4A case conference was held by the Tribunal on December 15, 2017. The Tribunal ordered a written hearing to deal with a preliminary issue.
ISSUES
5By an order dated December 15, 2017, the Tribunal ordered a written hearing to determine the following preliminary issue:
i. Is the applicant statute barred from seeking a non-earner benefit pursuant to section 56 of the Schedule1?
RESULT
6I find that the applicant is statute barred from seeking a non-earner benefit.
THE LAW AND ANALYSIS
7Section 56 of the Schedule states that an application to this Tribunal in respect of a benefit shall be commenced within two years after the insurer’s refusal to pay the amount claimed.

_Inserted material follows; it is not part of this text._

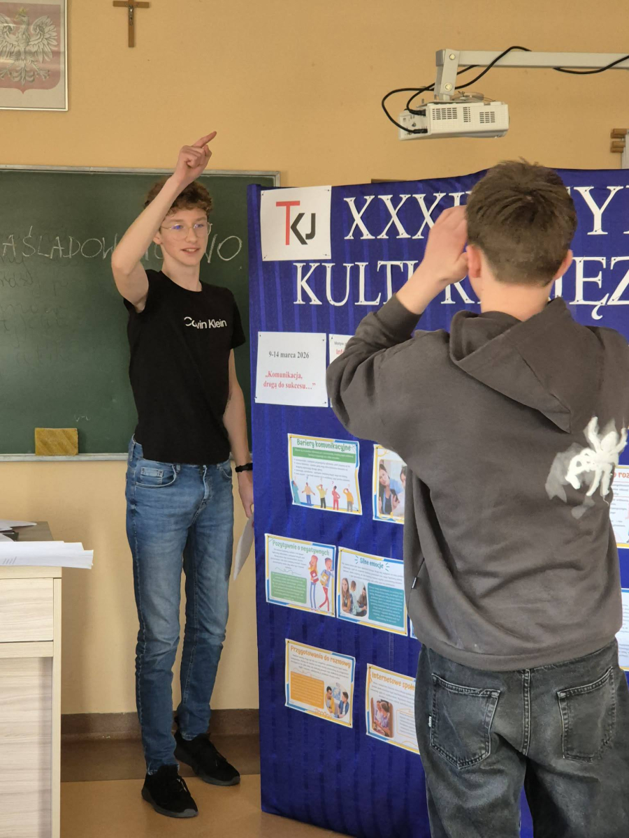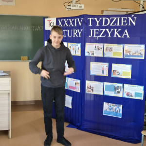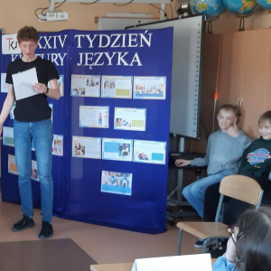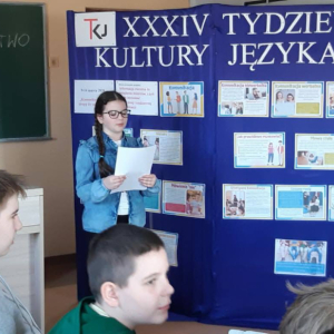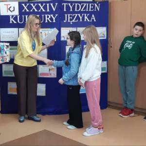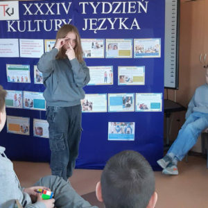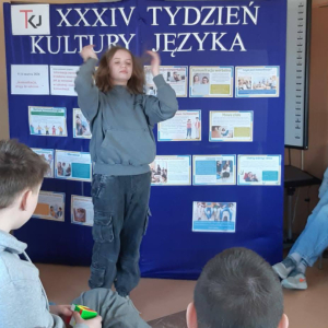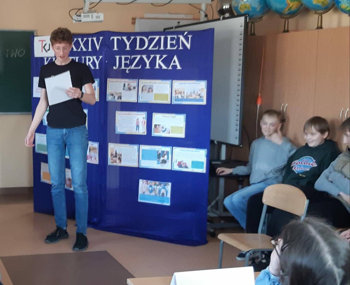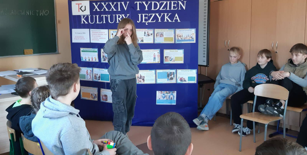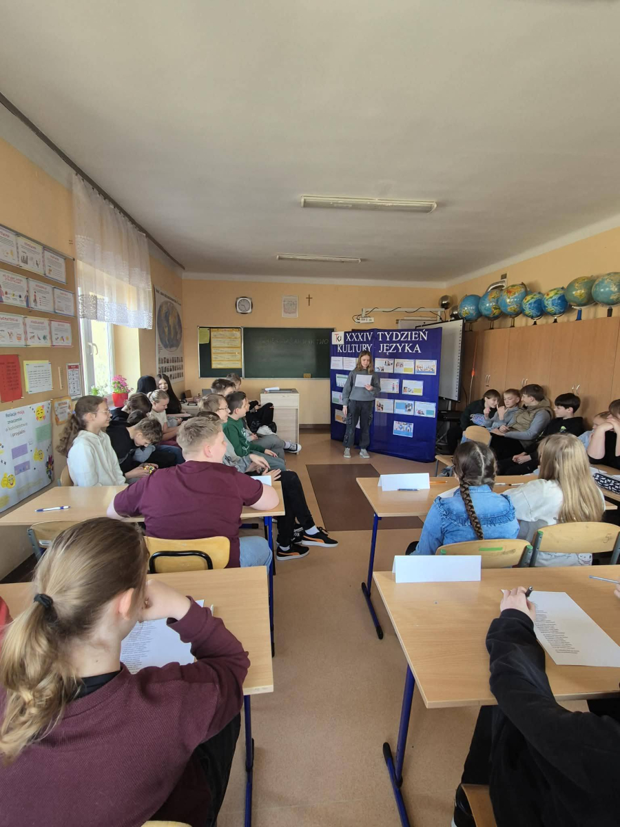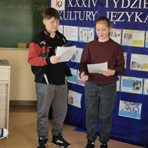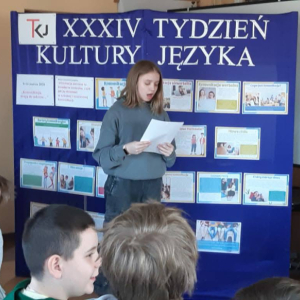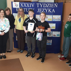 W bieżącym tygodniu, czyli między 9-14 marca 2026 r. świętujemy XXXIV Tydzień Kultury Języka. Z tej okazji zorganizowaliśmy międzyklasowy turniej "Polonistyczny Mistrzunio 2026", w którym zmagania polonistyczne podjęli uczniowie klas IV- VIII. Wśród konkurencji konkursowych pojawiła się chociażby twórcza interpretacja tekstów, zadania gramatyczne, słowotwórcze i ortograficzne. Mistrzami języka polskiego okazali się piątoklasiści, ale brawa należą się wszystkim naszym Uczestnikom, którzy zaprezentowali wysoki poziom wiedzy o języku polskim, a także niespotykaną kreatywność . Nade wszystko połączyła nas dziś wspólna zabawa i duża dawka pozytywnych emocji!

8The parties agreed that the respondent stopped the NEB by way of correspondence dated February 17, 2015, on the basis of an Insurer’s Examination (IE) by Dr. Gwardjian and Mr. Dhirayain. The applicant also did not take issue with respect to the validity of the notice of the denial. Pursuant to s.56, the two-year limitation expired on February 17, 2017.
Discoverability Rule
9The applicant asked the Tribunal to apply the discoverability rule to his application which would have the effect of delaying the 2 year limitation period until he discovered that he was suffering from Complex Regional Pain sometime in February, 2017. For the reasons set out below, I find the discoverability rule does not apply to applications before this Tribunal.
10The applicant submitted that he was first diagnosed with Complex Regional Pain Syndrome/Frozen Shoulder/Shoulder Hand Syndrome on February 22, 2017. Prior to that date, the applicant was undergoing treatment for his cancer, which was masking the severity of the injuries from the accident. The applicant argued that the cancer and its treatment delayed the diagnosis of the Complex Regional Pain Syndrome, a diagnosis that would substantiate a complete inability to live one’s normal life and lead to a determination that his injuries are more than just soft issue injuries, as indicated by the IE.
11The applicant cites the Supreme Court of Canada decision in Peixeiro v. Haberman,2 where the Court held that the discoverability rule applies in order to postpone the running of the two year limitation period until the material facts, including the extent of the injuries, are known or should have been known by the applicant.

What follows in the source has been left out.